As noted, the party made important overtures to Turkey’s embattled non-Muslim communities. In 2005, despite obstruction from secularist prosecutors, some hysterical coverage in the press, and considerable dissent within the AKP itself, a historic conference on the Armenian Genocide was held at Istanbul’s Bilgi University. Then Foreign Minister Abdullah Gül sent a letter of support; then Prime Minister Erdoğan declared, “I want to live in a Turkey where freedoms are enjoyed in their broadest sense.”[7]  Turkey continues an official international campaign of denial to this day, but since 2010 public commemorations of the genocide have been held annually in central Istanbul’s Taksim Square and elsewhere in the country. The government also returned to the Armenian community some properties that had been expropriated in past decades. As recently as 2015, the Gedikpaşa Armenian Protestant Church Foundation was able to regain control of Camp Armen, which Turkish authorities had confiscated in 1982.

But such steps, though laudable, were relatively easy ones for the AKP to implement—and were hardly the party’s top priority. For the AKP, the rights of its own pious base, most notably the right of women to wear the headscarf in state institutions, were always most important. Outreach to non-Muslims burnished the AKP’s international reputation without fundamentally changing the dynamics of domestic politics. While the symbolic importance of Turkey’s non-Muslims is considerable, their demographic weight is minor. The number of Christian and Jewish citizens of Turkey today hovers around 150,000, or about 0.2 percent of the population. Moreover, the AKP’s acceptance of non-Muslim communities within a fundamentally Muslim nation echoed the party’s own narratives regarding Turkey’s Ottoman legacy, which emphasize both the Islamic character of the Ottoman Empire and its reputation of “tolerance” of non-Muslims. A true break from the past would have required going beyond symbolic gestures to Turkey’s remaining non-Muslims and making clear that all citizens—regardless of faith—had equal claim to the nation. That was a break the AKP was simply not prepared to make.

Such a shift was so difficult because the AKP was deeply embedded within a nationalist tradition that interwove Islam and Turkishness. The AKP indeed has expanded the role of Islam within the public sphere, but in most ways, its merger of national and Islamic symbols represents an extension of this tradition. Turkish “secularism” has never been truly secular in the sense of maintaining state neutrality towards religion. The Directorate for Religious Affairs was established under Atatürk in 1924 and has continued to govern Muslim religious affairs ever since. Turkish imams are state employees and the Friday sermon is written in Ankara, to be delivered in mosques throughout the country. Rather than being “neutral” towards religion or “separate” from it, the Turkish state attempted to closely manage Islam, channeling it and bending it to the state’s use. Turkish nationalism consistently has conflated Turkish and Muslim identities in its rhetoric and sometimes in state policy.[8] Especially following the 1980 coup, this tendency was intensified through the state’s embrace of the so-called Turkish-Islamic Synthesis, an ideological approach that featured Islamic symbols within nationalist rhetoric.[9]

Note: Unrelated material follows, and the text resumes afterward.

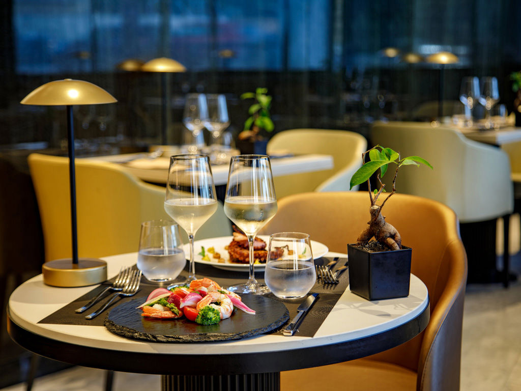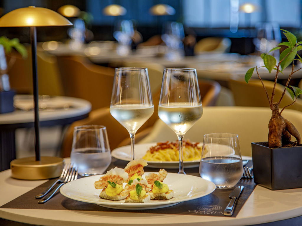 Al Sidus Cafè, l'atmosfera intima ed elegante è illuminata dal riflesso delle venature dorate sul bancone in marmo. Tra luci soffuse e dettagli di design, ogni momento dall'aperitivo raffinato alla cena più intima, diventa un'esperienza sensoriale, dove la cucina mediterranea reinterpretata dal nostro chef incontra stile, eleganza e calore.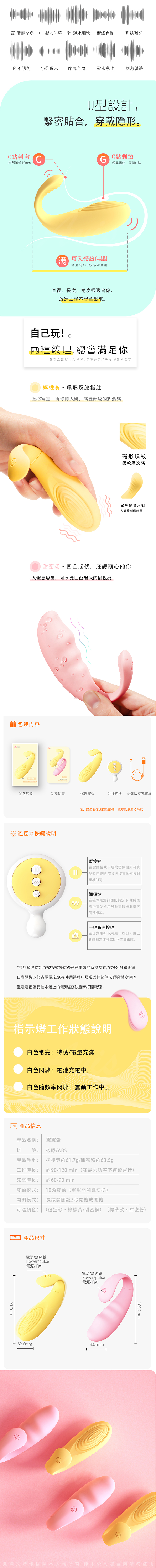 10種頻率不同玩法。跳蛋採U型彈性尾部溫柔貼合人體外肛/陰部線條,讓您可外出使用,搭配無線遙控讓您與愛人更加貼近喔

Although the AKP proved more flexible than its Kemalist predecessors in implementing some positive changes for non-Muslim minorities, the same could not be said for its relations to the Alevi population. Alevis are a heterodox Muslim group related to, but distinct from, the Alawites of Syria. Representing perhaps 15 percent of Turks, Alevis are a much larger group than non-Muslims. But their hybridity as Muslims represented an important challenge to the AKP’s conception of a “Muslim Turkish nation.” Bigotry and myths regarding the Alevi abound among devout Sunni Muslims (and thus among the AKP base). Treatment of the Alevi was thus a vital test of the AKP’s commitment to a liberal and inclusive Turkey.  It is a test that the party failed.

Even before the AKP came to power, Alevis faced discrimination. They have no official standing. Alevi (and non-religious) children are not allowed the exemption from religious education that non-Muslim children are, meaning that they are obligated to study Sunni Islam as part of their public school education.[10] Alevi cemevi, or prayer houses, are not recognized by the state as religious sites, but only as cultural institutions. In 2007, the AKP floated the idea of an “Alevi opening” to address many of these concerns. But when the party failed to gain any significant increase in Alevi votes in the 2007 elections, this outreach was aborted.[11]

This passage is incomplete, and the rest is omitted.